▸ **TASK MATERIAL**:
┌──

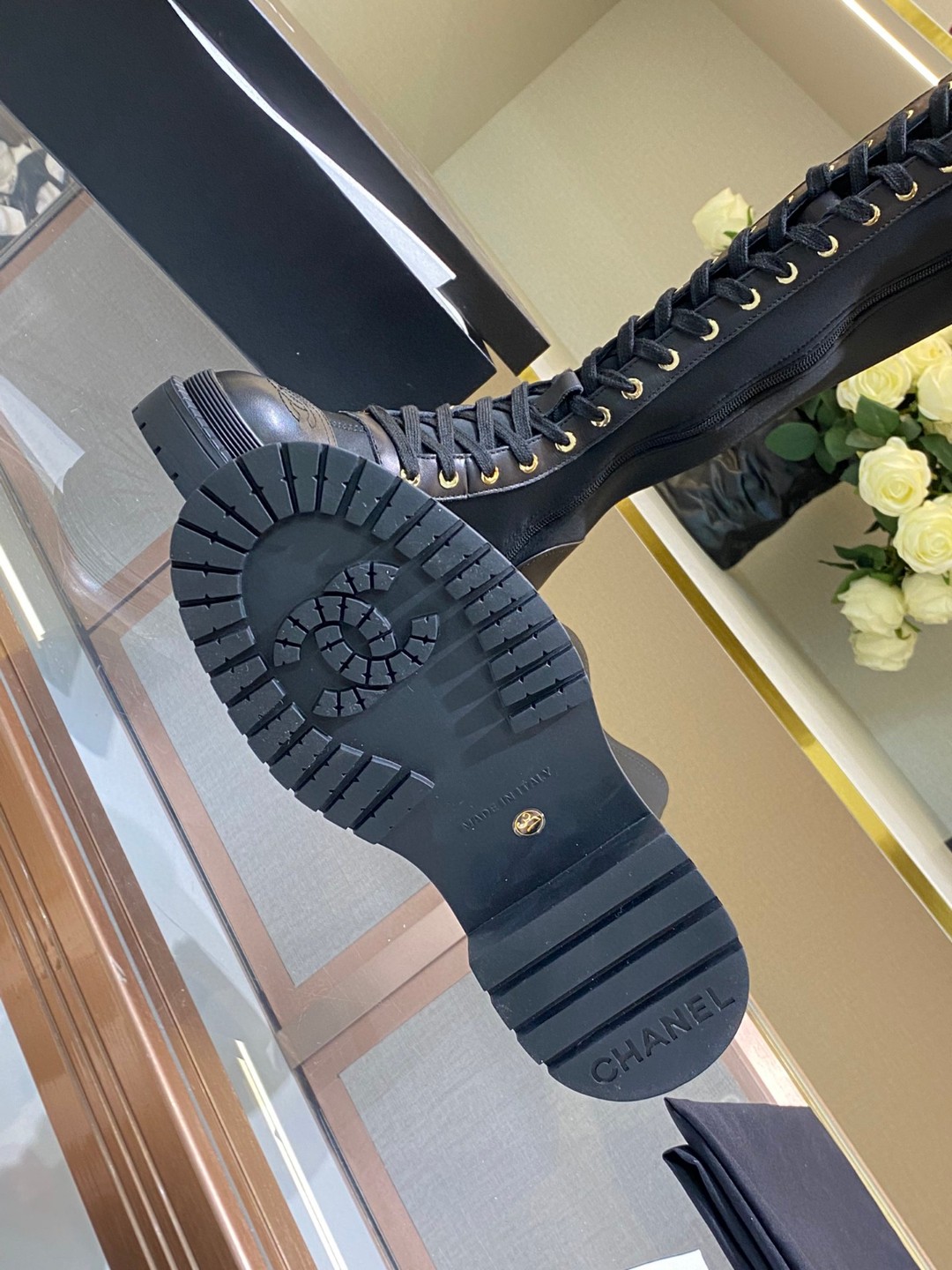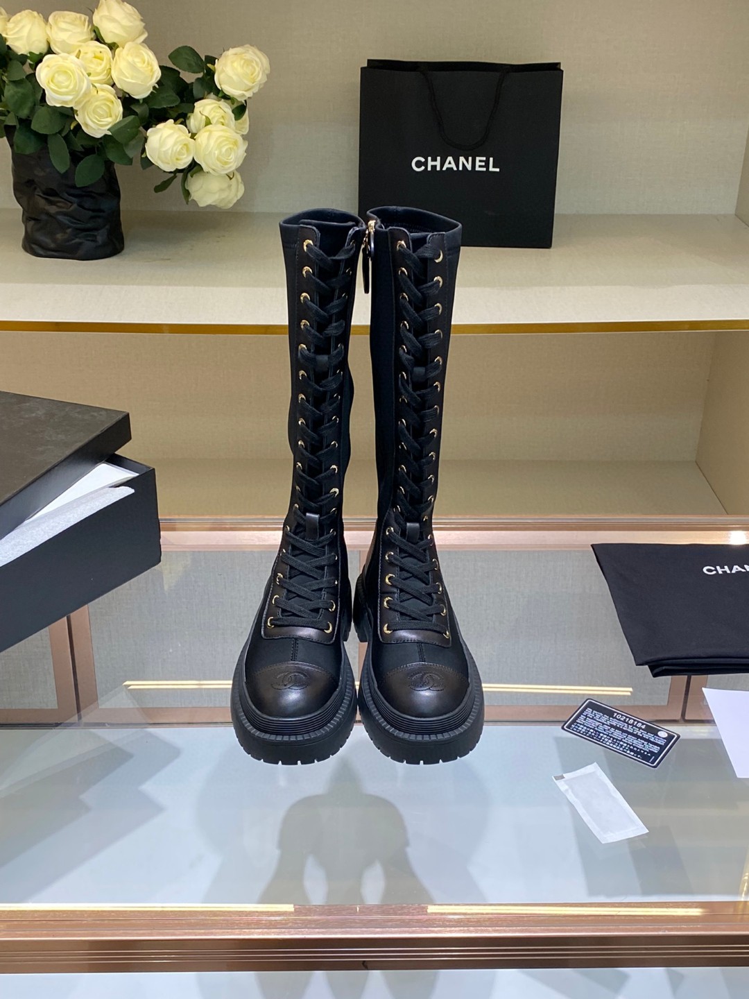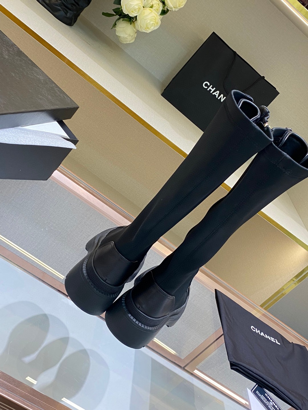 シャネル 高品質 レースアップ ロングブーツ レディース 2210DXJ410-CHA6043
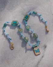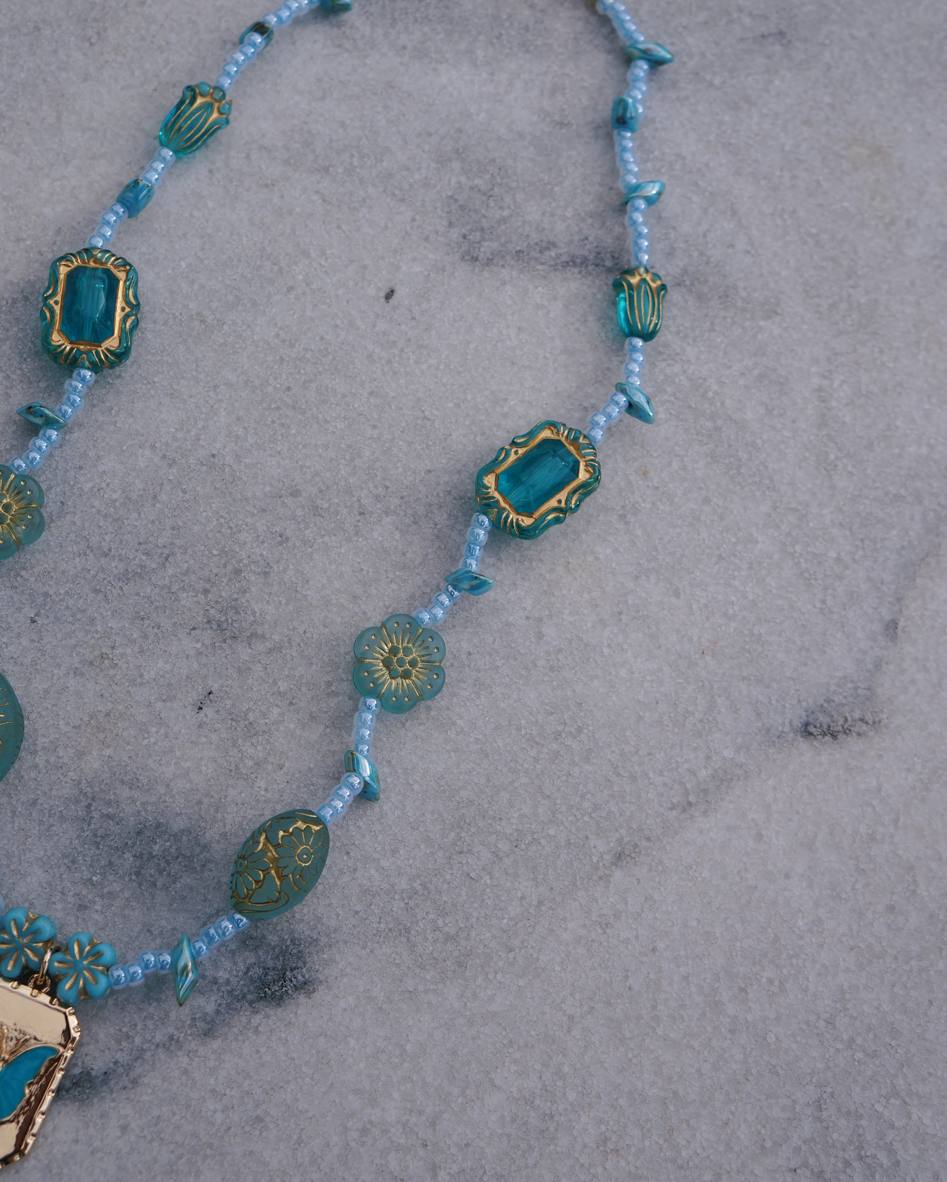 蝶のモチーフのチャームに合わせ全体的にブルーで統一した美しいネックレスです。様々なモチーフのチェコビーズを使い華やかさも出し、首元が一気に明るくなるような一点です。
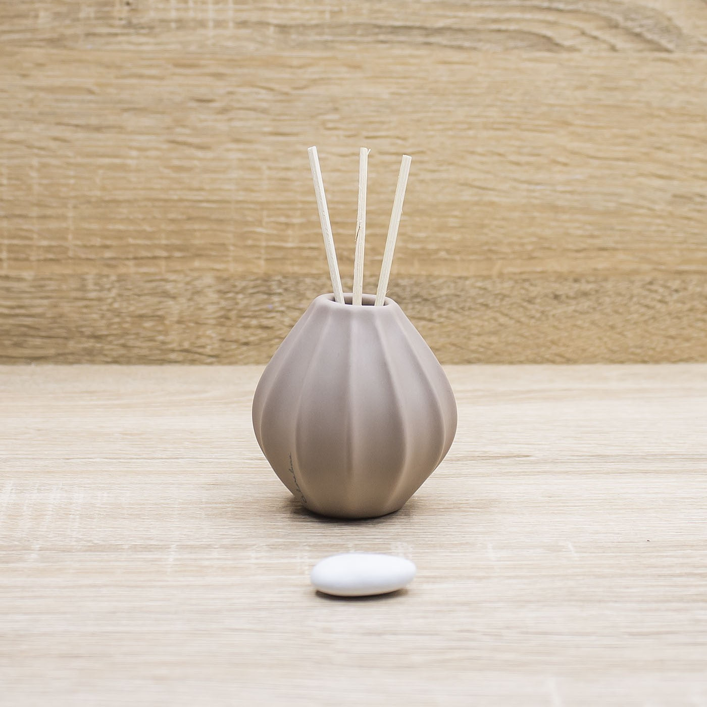 Profumatore in porcellana di colore tortora, firmato Claraluna.
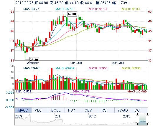 | 今 開: | 44.98 | 成交量: | 3.55萬手 | 振 幅: | 3.54% |
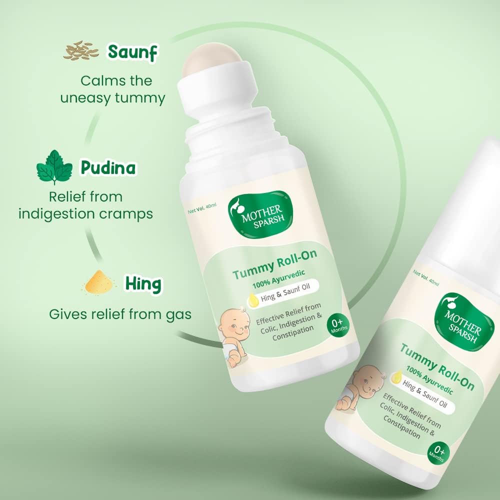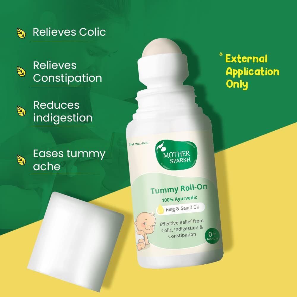 Relieves Stomach Discomfort: - Mother Sparsh Tummy Roll On is an Ayurvedic solution for babies suffering from colic, indigestion and constipation10Relieves Gas Pain: - As per our Ancient Ayurveda Hing (Asafoetida) helps to treat abdominal colic, gas, flatulence & indigestion. It also cures abdominal pain, constipation & upset stomach101010
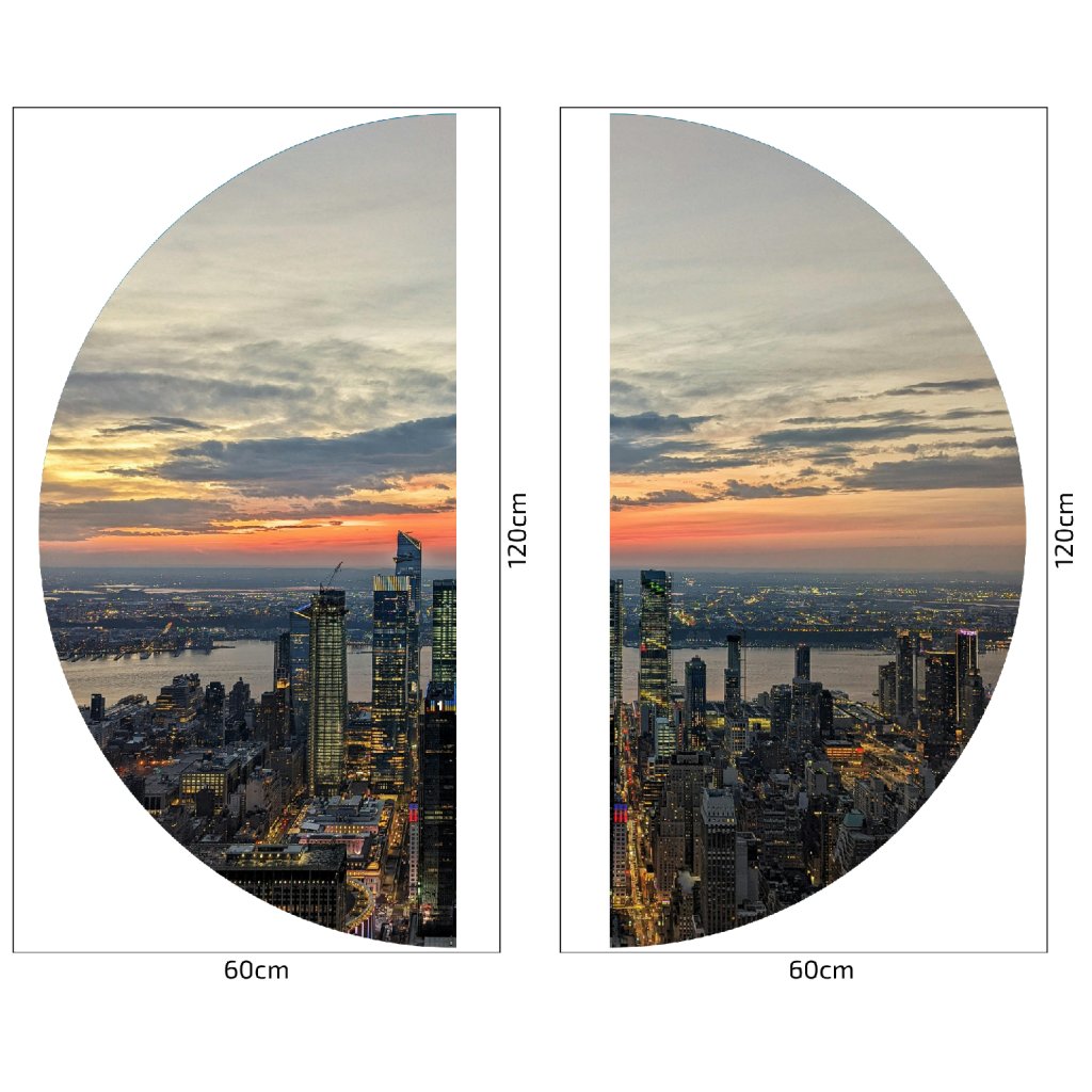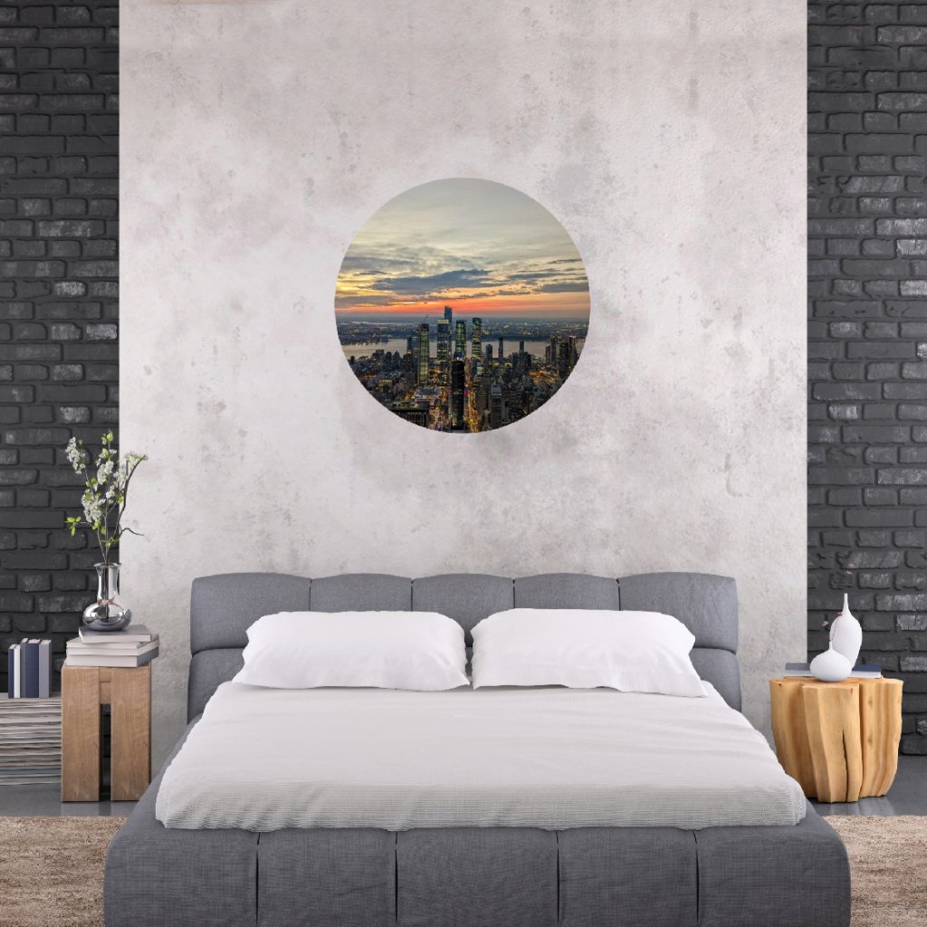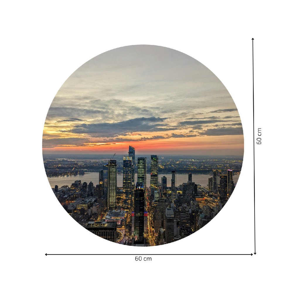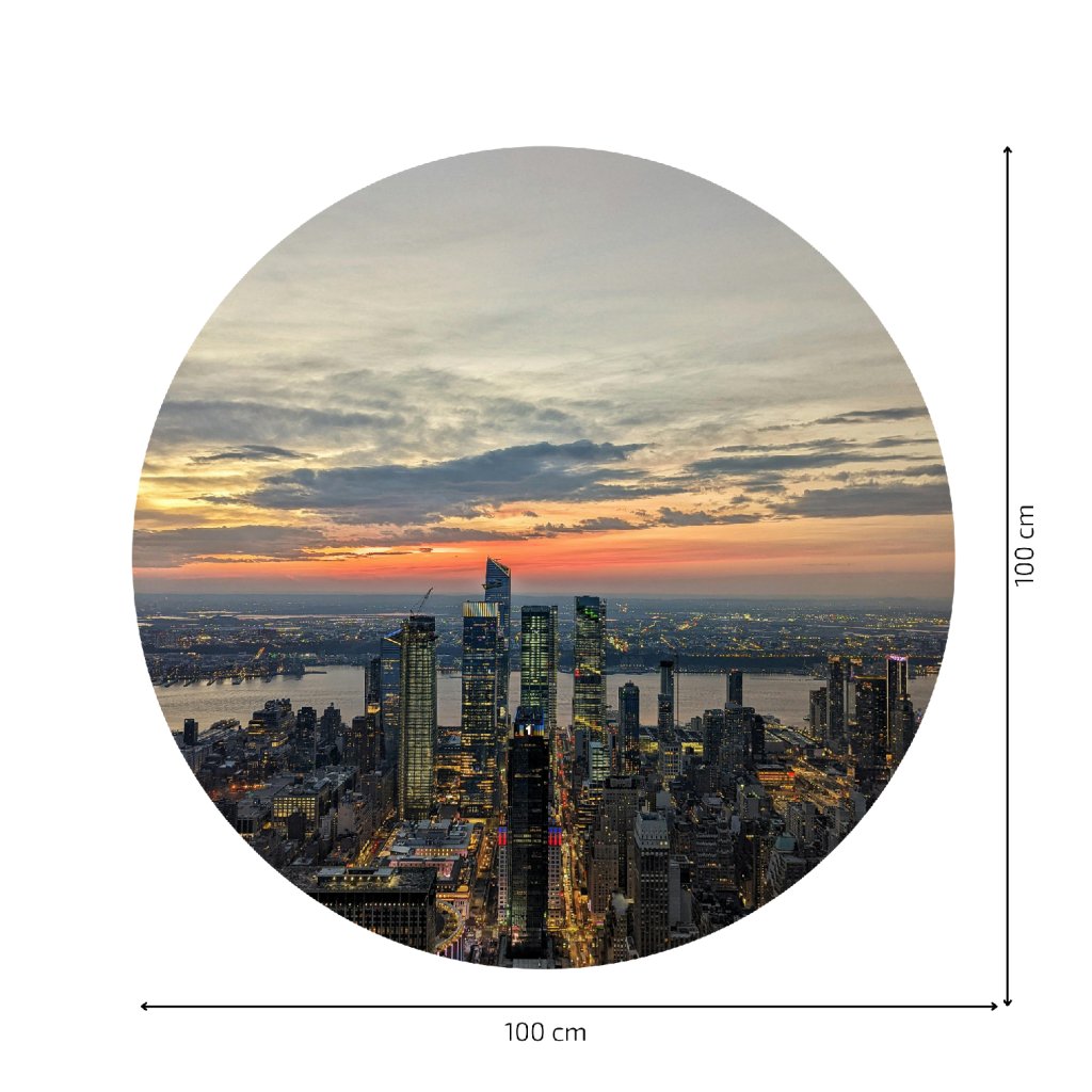 Dopřej svému prostoru dotek New Yorku s naší kruhovou nálepkou na zeď. 🌇🗽 Západ slunce nad ikonickými mrakodrapy zachycuje tu jedinečnou chvíli, kdy se město nikdy nespící mění z denního ruchu na noční dobrodružství. Moderní design, který oživí každou stěnu – od obývacího pokoje až po pracovnu.

└──

▸ **DIRECTIONS FOR THIS TASK**: Reproduce the records word for word, please, from their first line up to and including the line that contains "Relieves Stomach Discomfort: - Mother", but no pictures.

▸ **ANSWER TO THE EXERCISE**:
 シャネル 高品質 レースアップ ロングブーツ レディース 2210DXJ410-CHA6043
 蝶のモチーフのチャームに合わせ全体的にブルーで統一した美しいネックレスです。様々なモチーフのチェコビーズを使い華やかさも出し、首元が一気に明るくなるような一点です。
 Profumatore in porcellana di colore tortora, firmato Claraluna.
 | 今 開: | 44.98 | 成交量: | 3.55萬手 | 振 幅: | 3.54% |
 Relieves Stomach Discomfort: - Mother Sparsh Tummy Roll On is an Ayurvedic solution for babies suffering from colic, indigestion and constipation10Relieves Gas Pain: - As per our Ancient Ayurveda Hing (Asafoetida) helps to treat abdominal colic, gas, flatulence & indigestion. It also cures abdominal pain, constipation & upset stomach101010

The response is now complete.